И это тоже уже что-то, а потом мы сидели на террасе большого кафе, на солнце.
– Он не ревнив, Тессон? – Мы же с вами друзья.
– Возможно, он этого не понимает.
– Он не так ужасен.
– Нет? А другие говорят, что ужасен.
– С ними – может быть.
– Но не с вами?
– Он изменился, бедняга.
Я видел, как его голова склонялась к ней; он выглядел очень взволнованным, этот костлявый тип. Его руки с похрустывающими пальцами казались деревянными, а шерсть росла даже на фалангах. Он хвастался тем, что никогда не носил оружия; меня умиляла его грубость, а физиономия оставляла равнодушным. Одиль рассеянно молчала.
Спустя некоторое время мы встретили Сакселя. Это «мы» включало кроме нас троих Адель и Оскара, которые были просто набиты деньгами, по ходовому выражению этого года, – они заплатили за нас в кино, а потом и в кафе. Проходя мимо, Саксель увидел меня. Я помахал ему рукой.
– Что это за тип? – спросил Оскар.
– Мой друг.
– Позови его, пусть выпьет стаканчик с нами, – сказал Оскар.

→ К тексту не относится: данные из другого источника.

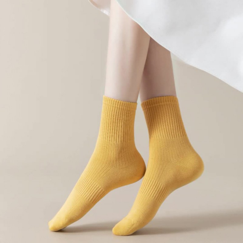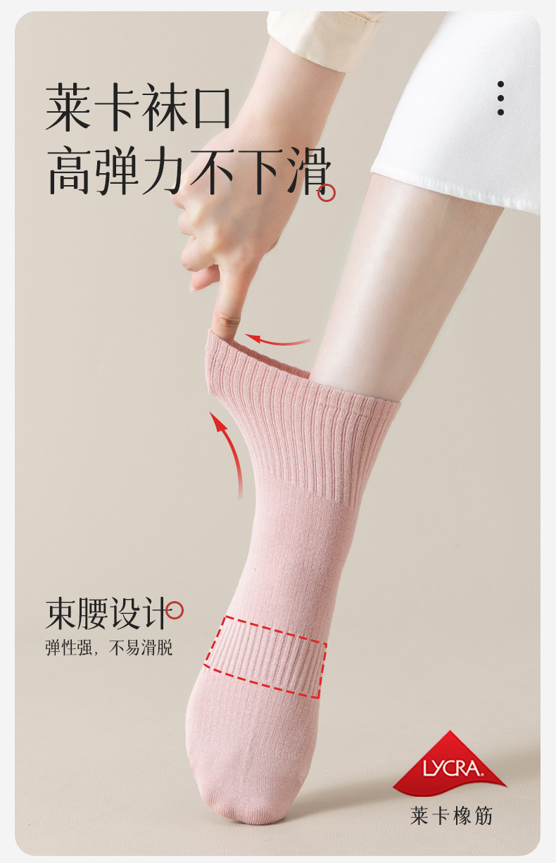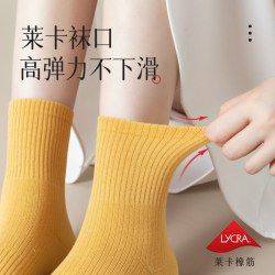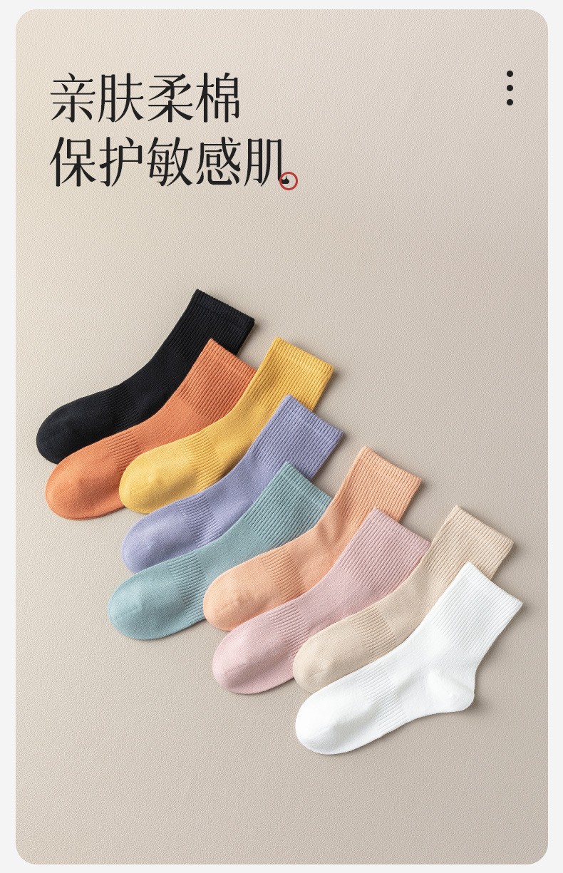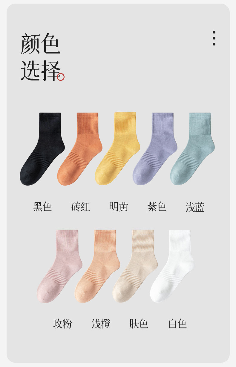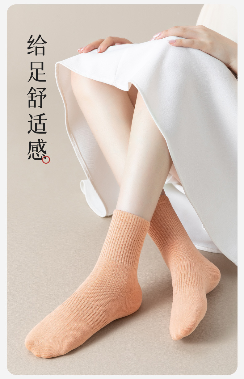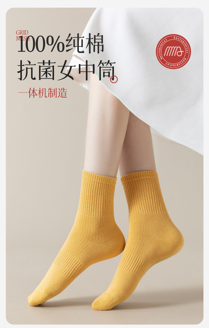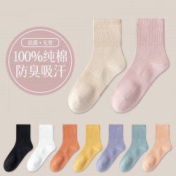 秋冬袜子纯棉女生中筒袜无骨纯色百搭长袜抗菌防臭春秋款全棉女袜

– Он неплохо прифасонился, – сказал Тессон, имея в виду под этим, что он хорошо одет.
Я встал и побежал за Сакселем.
– Не присядете ли к нам?
– Я не против, как раз прогуливаюсь. С кем это вы?
– Это мои друзья. Тот, что справа, продает информацию на скачках, а тот, что слева, – его брат, чем он занимается, точно не знаю. Во всяком случае, я бы не хотел слишком много говорить об этом. Идете?
Заинтригованный Саксель пошел за мной.
– Представляю вам друга, – сказал я остальным. Он пожал руки и сел.
– Славный вечер, – сказал Оскар.
И мы молчали несколько минут, ничего не добавляя: действительно, вечер был славный – распустившиеся почки в электрическом свете.
Саксель, выдающий себя за сотрудника из «Ля Вен», был в восторге от знакомства с вольными аферистами и сутенерами настолько, что и он в свою очередь съездил с Оскаром на ипподром и принципиально начал играть в карты. Он был полон воодушевления, а, с другой стороны, я втрое вырос в его глазах, как из-за того, что водил такие странные знакомства, так и потому, что никогда не рассказывал ему о них. Об этом узнали и на площади Республики, и в Бют-Шомон. Англарес изрек несколько одобрительных слов в адрес люмпен-пролетариата, а Вашоль втайне принялся учиться играть в белот. Таким образом, убожество и нищета стали для меня источником хороших оценок. Теперь моему падению рукоплескали, считая, что такова моя манера развлекаться.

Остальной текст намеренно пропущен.